## WORK INSTRUCTIONS
Omitting every picture, copy the lines from the one that contains "Sink into the" through the last line of the records below, exactly and with nothing added.

## INFORMATION PROVIDED
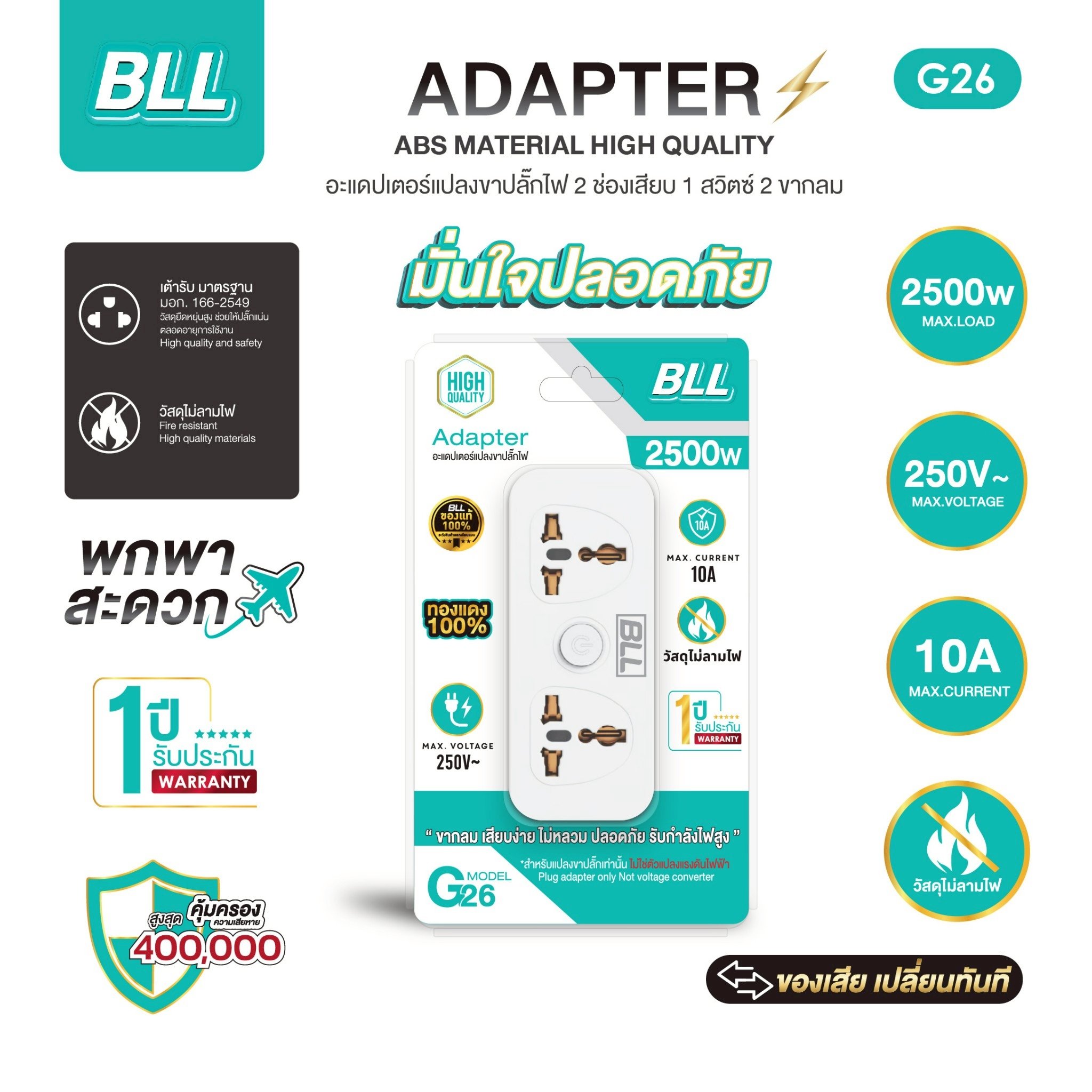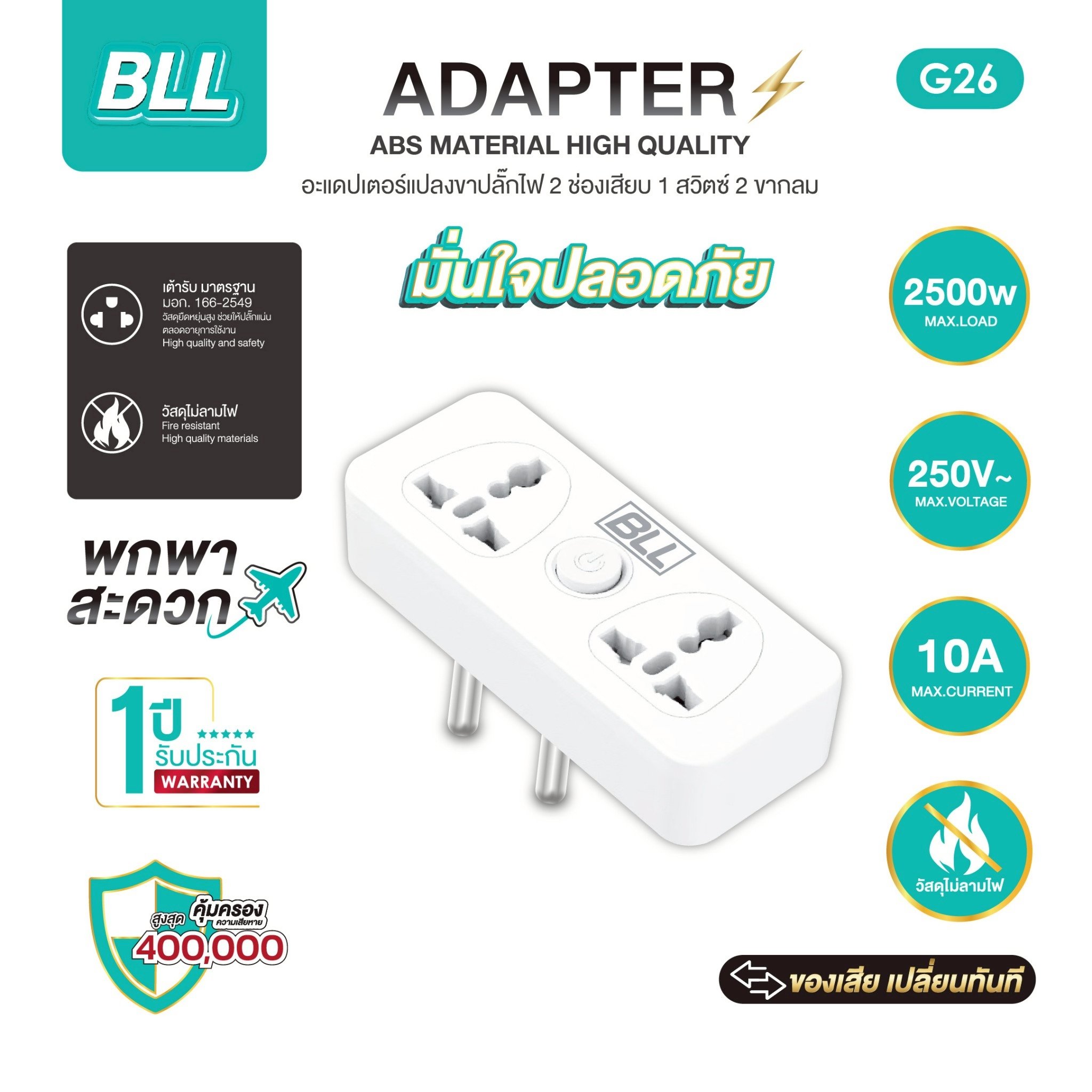 BLL G26 Adapter แปลง 2 ขากลม 2 ช่องเสียบ 1 สวิตซ์
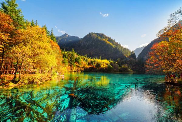 Een uniek meer tussen de bergen fotobehang
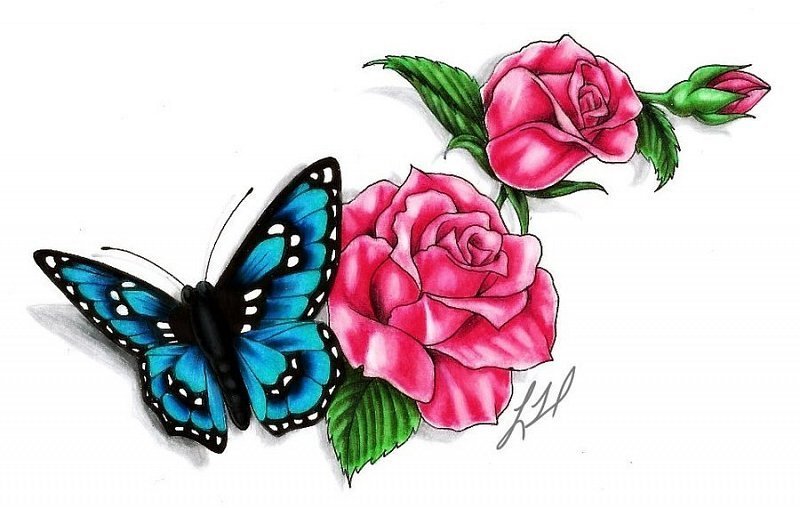 Тату цветов и бабочек цветные
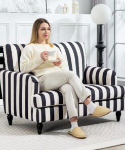 Sink into the plush comfort of the HOMCOM snuggle chair, a velvet-clad gem with a modern stripe design and chic turned legs. Its cushy high-density sponge makes it the cosiest spot in your living room or bedroom. With its extra-large seat and long armrests, this bedroom chair is the optimum nook for a relaxing retreat.
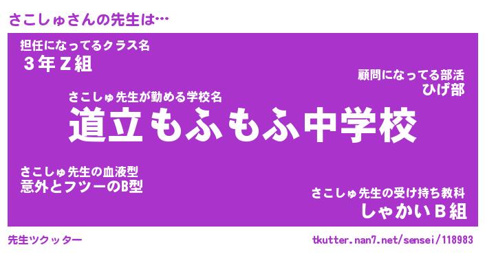 | 意味不明あだ名 | 『ペロリンさこしゅ』『永久保存さこしゅ』 |
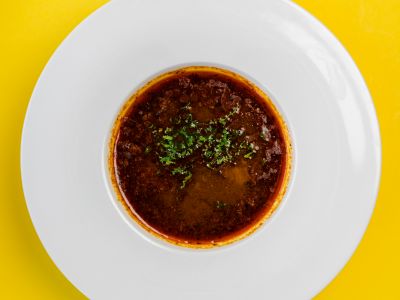 Polévka: Hovězí vývar s masem a nudlemi (1,3,6,7,9)
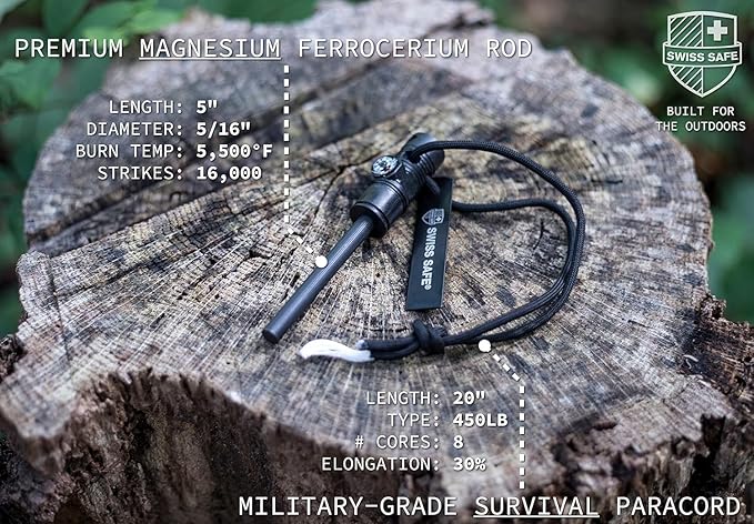 - All-in-One Survival Tool: Beyond its primary fire-starting feature, it incorporates a precision compass for navigation, a 150dB whistle for emergency signaling, a robust steel scraper, and a 450 LB 8-core paracord for any situation & rod.
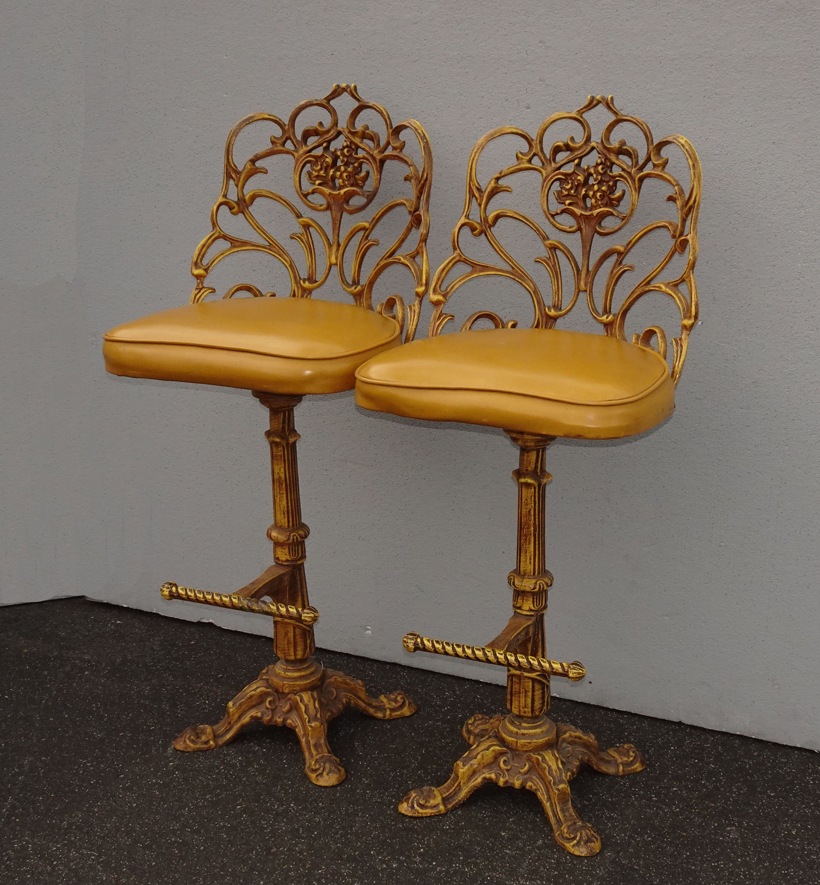 Cast Iron Bar Stools. It includes a round, padded seat covered with leather. Bar height can be cut down to counter height if needed. Spectacular set of three cast iron bar stools made in the french art nouveau style. This bar stool stands on a durable cast iron frame finished in black color.

## SOLUTION FOR THIS EXERCISE
 Sink into the plush comfort of the HOMCOM snuggle chair, a velvet-clad gem with a modern stripe design and chic turned legs. Its cushy high-density sponge makes it the cosiest spot in your living room or bedroom. With its extra-large seat and long armrests, this bedroom chair is the optimum nook for a relaxing retreat.
 | 意味不明あだ名 | 『ペロリンさこしゅ』『永久保存さこしゅ』 |
 Polévka: Hovězí vývar s masem a nudlemi (1,3,6,7,9)
 - All-in-One Survival Tool: Beyond its primary fire-starting feature, it incorporates a precision compass for navigation, a 150dB whistle for emergency signaling, a robust steel scraper, and a 450 LB 8-core paracord for any situation & rod.
 Cast Iron Bar Stools. It includes a round, padded seat covered with leather. Bar height can be cut down to counter height if needed. Spectacular set of three cast iron bar stools made in the french art nouveau style. This bar stool stands on a durable cast iron frame finished in black color.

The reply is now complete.